Reproduce the entries exactly, but keep the pictures out of the copy.
=== Begin Enclosure ===
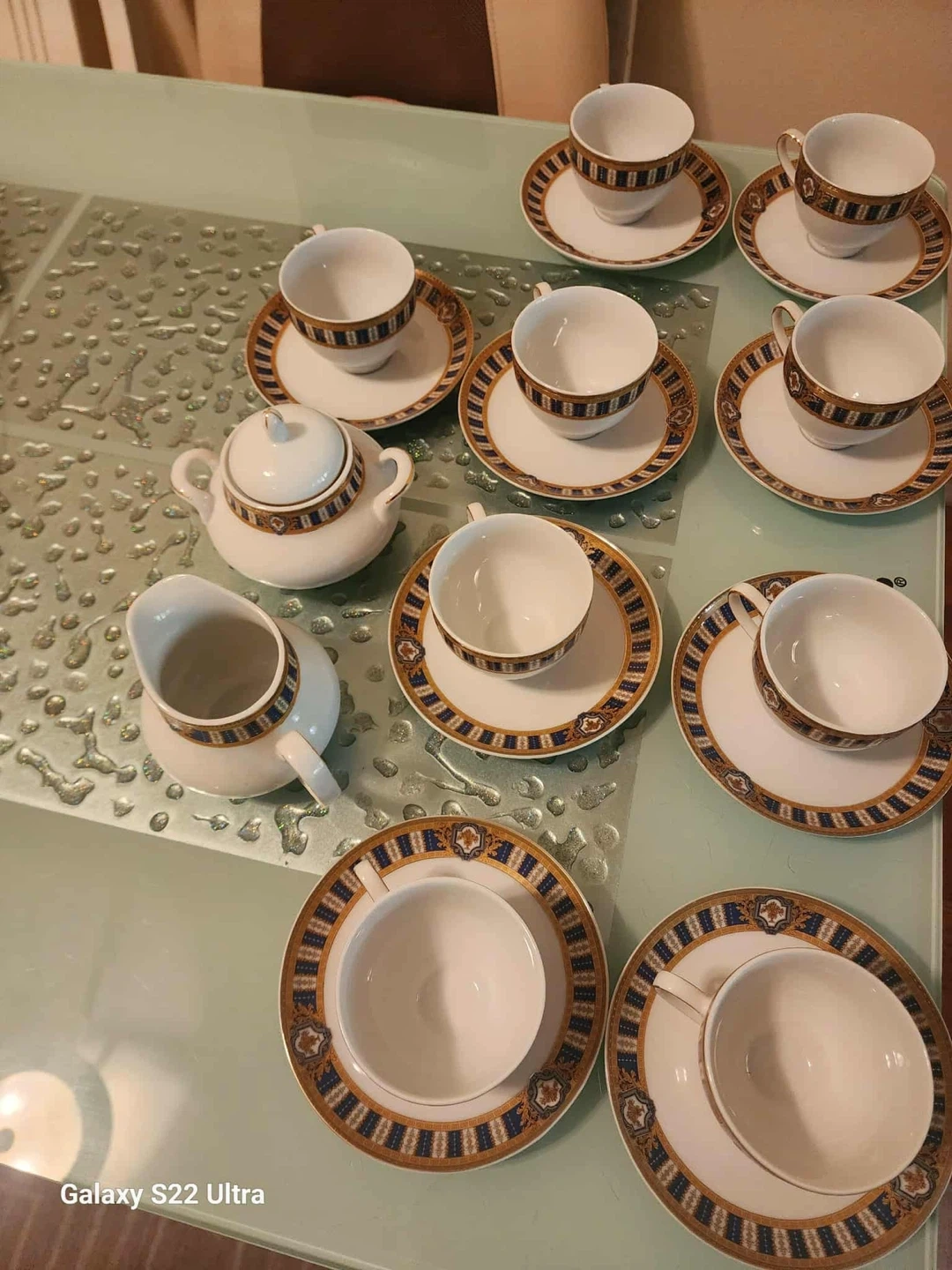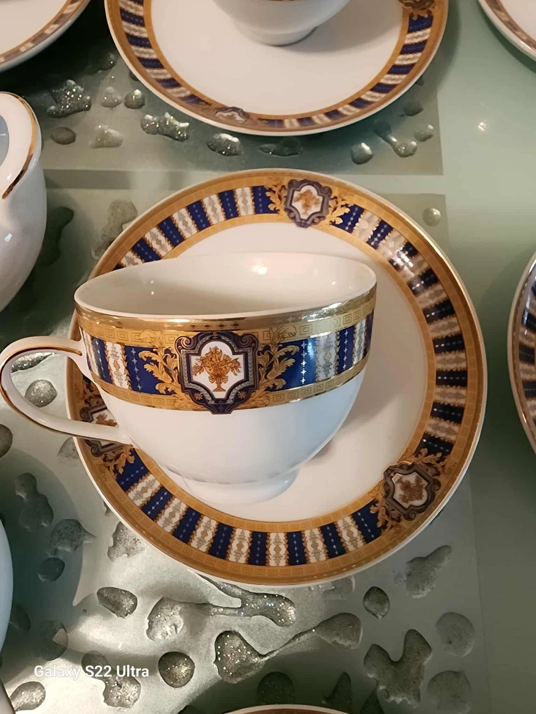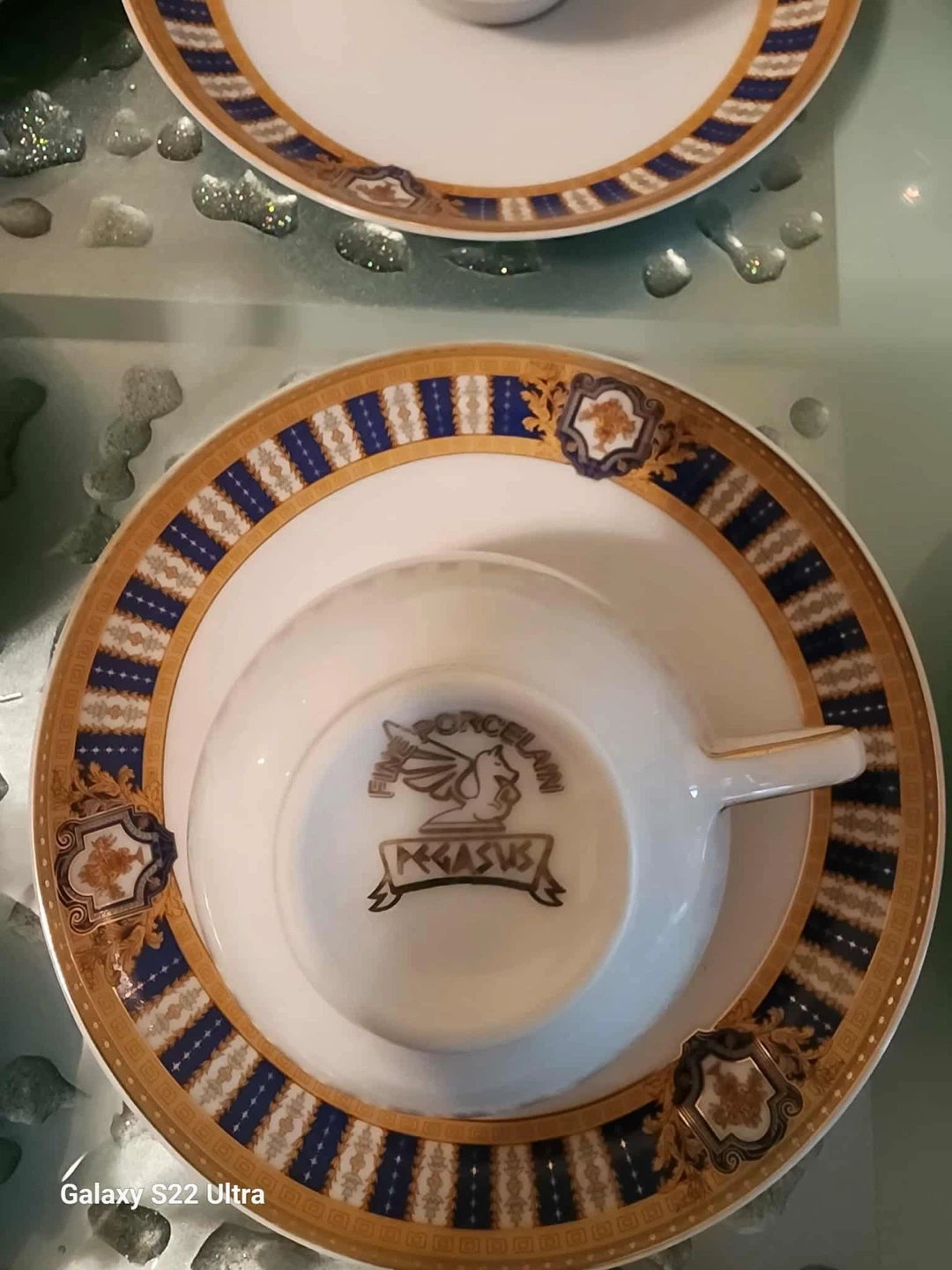 83Selling a beautiful Pegasus fine porcelain tea cup set. The set includes cups, saucers, a sugar bowl, and a creamer. The design features a white base with blue and gold accents. Perfect for tea parties or adding a touch of elegance to your kitchen!
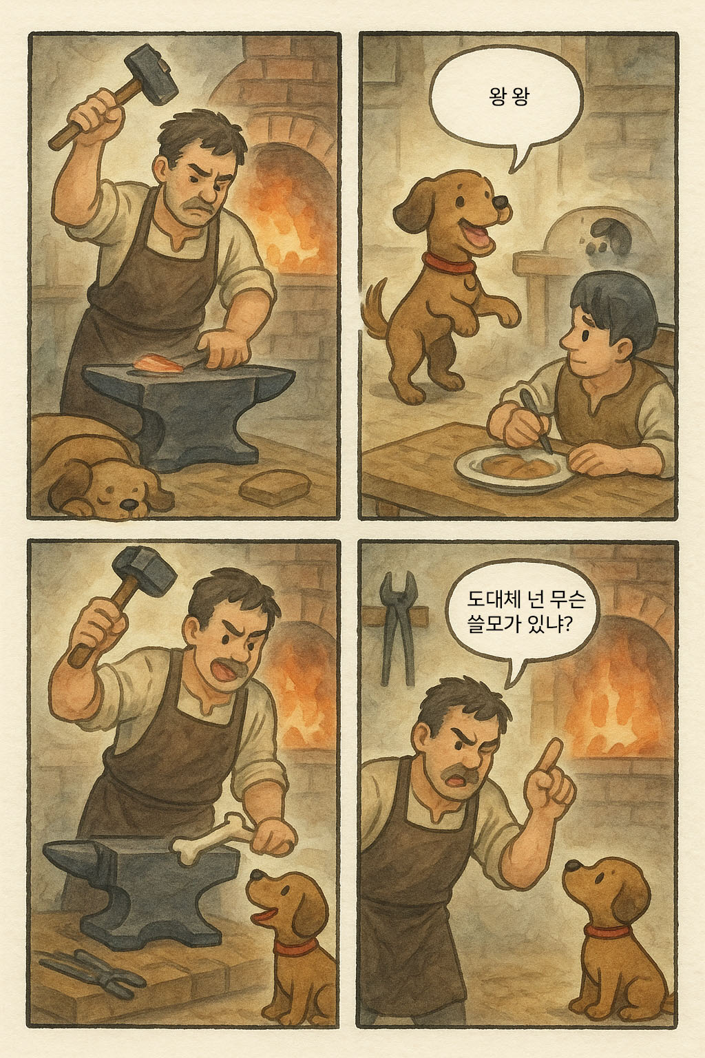 “도대체 넌 무슨 쓸모가 있냐? 내가 쇠망치를 두드릴 땐 늘 자빠져 자더니, 막상 내가 밥을 먹으려 하면 꼬리를 흔들며 다가와 먹을 생각뿐이군!”
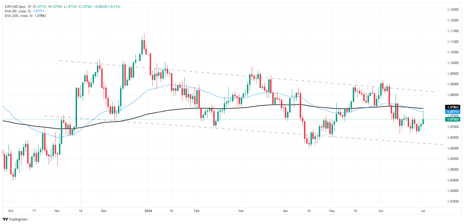 The Fiber kicked off the new trading week with a fresh push into 12-day peaks above 1.0770 before crumpling risk appetite dragged the pair back down to 1.0735. Intraday price action continues to lean into the midrange as EUR/USD grapples with the 200-hour Exponential Moving Average (EMA) at 1.0722.
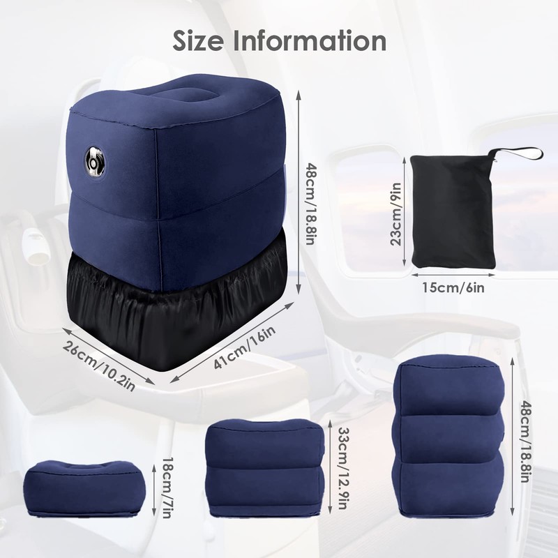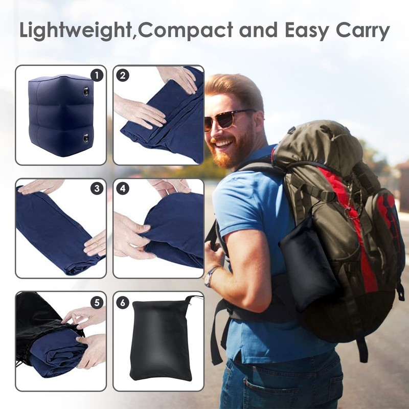 - Portable and lightweight: the inflatable footrest weighs only 1 pound, you can fold it (not inflated) into a 7" x 10" drawstring bag, which can easily fit in your luggage.
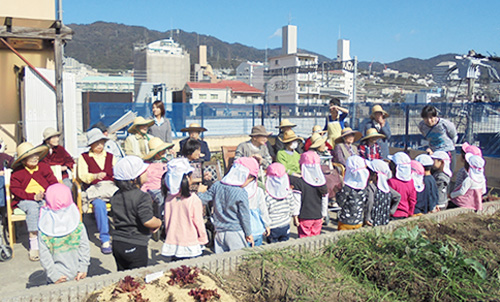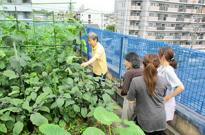 屋上に菜園スペースを設け、野菜の世話から収穫まで入居者と共に行っています。収穫した野菜は完全無農薬、季節感あふれる食材が日々の食卓を彩っています。また、丹波にも農園があり、屋上ではできない本格的な野菜を栽培しており定期的に訪れることが非日常的な時間となり心地よい刺激となっています。
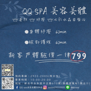 QQ SPA 美容美體|新北市永和美容美體 永和按摩 永和做臉 永和清粉刺 永和去角質 永和除毛 永和孕婦按摩 永和美白護膚 岩盤浴 永和臉部撥筋 SPA放鬆 刮痧 永和耳燭
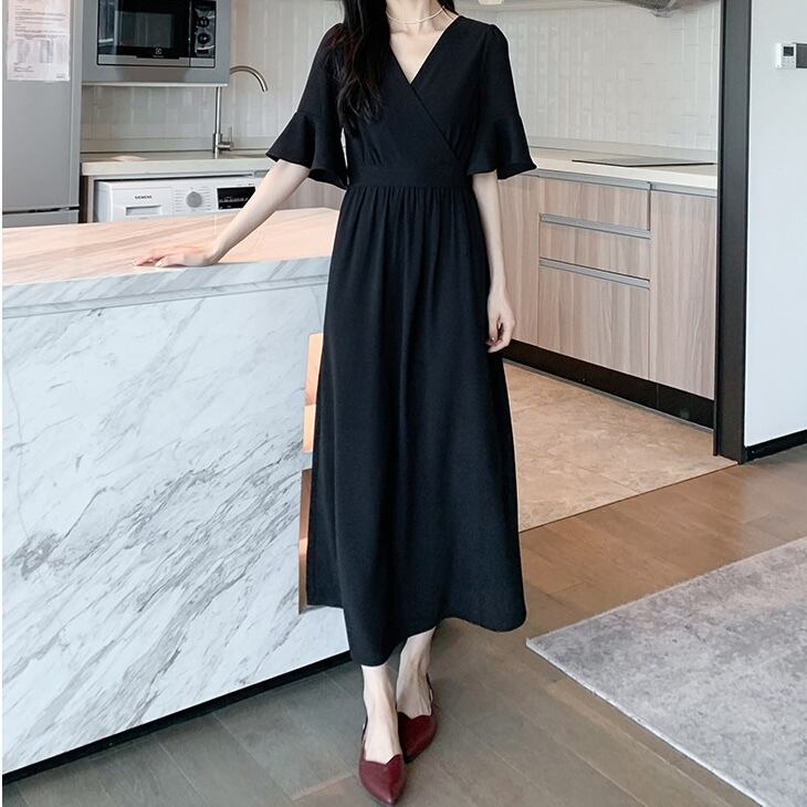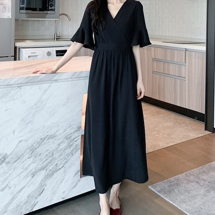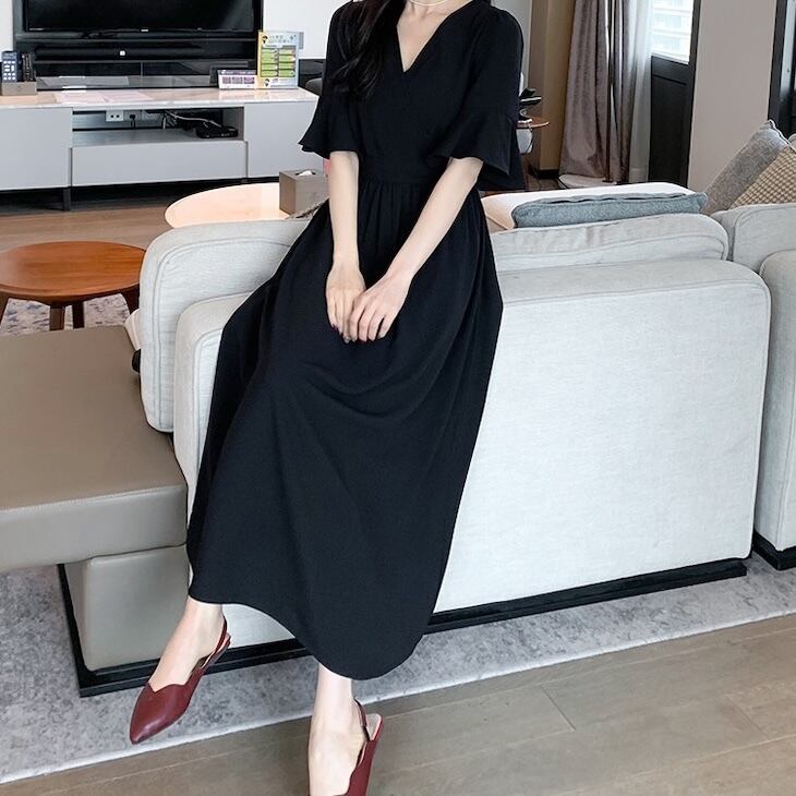 【送料無料】 レディース ワンピース Aライン カシュクール アシンメトリー Vネック ミディアム丈 ミモレ丈 ロング丈 シンプル きれいめ 大人かわいい キュート レトロ こなれ感 体型カバー 二の腕カバー スタイルアップ 半袖 ブラック 20代 30代 40代 通勤 通学 オフィス お出掛け 女子会 お呼ばれ 春夏
=== End Enclosure ===
RESPONSE TO THE TASK:
 83Selling a beautiful Pegasus fine porcelain tea cup set. The set includes cups, saucers, a sugar bowl, and a creamer. The design features a white base with blue and gold accents. Perfect for tea parties or adding a touch of elegance to your kitchen!
 “도대체 넌 무슨 쓸모가 있냐? 내가 쇠망치를 두드릴 땐 늘 자빠져 자더니, 막상 내가 밥을 먹으려 하면 꼬리를 흔들며 다가와 먹을 생각뿐이군!”
 The Fiber kicked off the new trading week with a fresh push into 12-day peaks above 1.0770 before crumpling risk appetite dragged the pair back down to 1.0735. Intraday price action continues to lean into the midrange as EUR/USD grapples with the 200-hour Exponential Moving Average (EMA) at 1.0722.
 - Portable and lightweight: the inflatable footrest weighs only 1 pound, you can fold it (not inflated) into a 7" x 10" drawstring bag, which can easily fit in your luggage.
 屋上に菜園スペースを設け、野菜の世話から収穫まで入居者と共に行っています。収穫した野菜は完全無農薬、季節感あふれる食材が日々の食卓を彩っています。また、丹波にも農園があり、屋上ではできない本格的な野菜を栽培しており定期的に訪れることが非日常的な時間となり心地よい刺激となっています。
 QQ SPA 美容美體|新北市永和美容美體 永和按摩 永和做臉 永和清粉刺 永和去角質 永和除毛 永和孕婦按摩 永和美白護膚 岩盤浴 永和臉部撥筋 SPA放鬆 刮痧 永和耳燭
 【送料無料】 レディース ワンピース Aライン カシュクール アシンメトリー Vネック ミディアム丈 ミモレ丈 ロング丈 シンプル きれいめ 大人かわいい キュート レトロ こなれ感 体型カバー 二の腕カバー スタイルアップ 半袖 ブラック 20代 30代 40代 通勤 通学 オフィス お出掛け 女子会 お呼ばれ 春夏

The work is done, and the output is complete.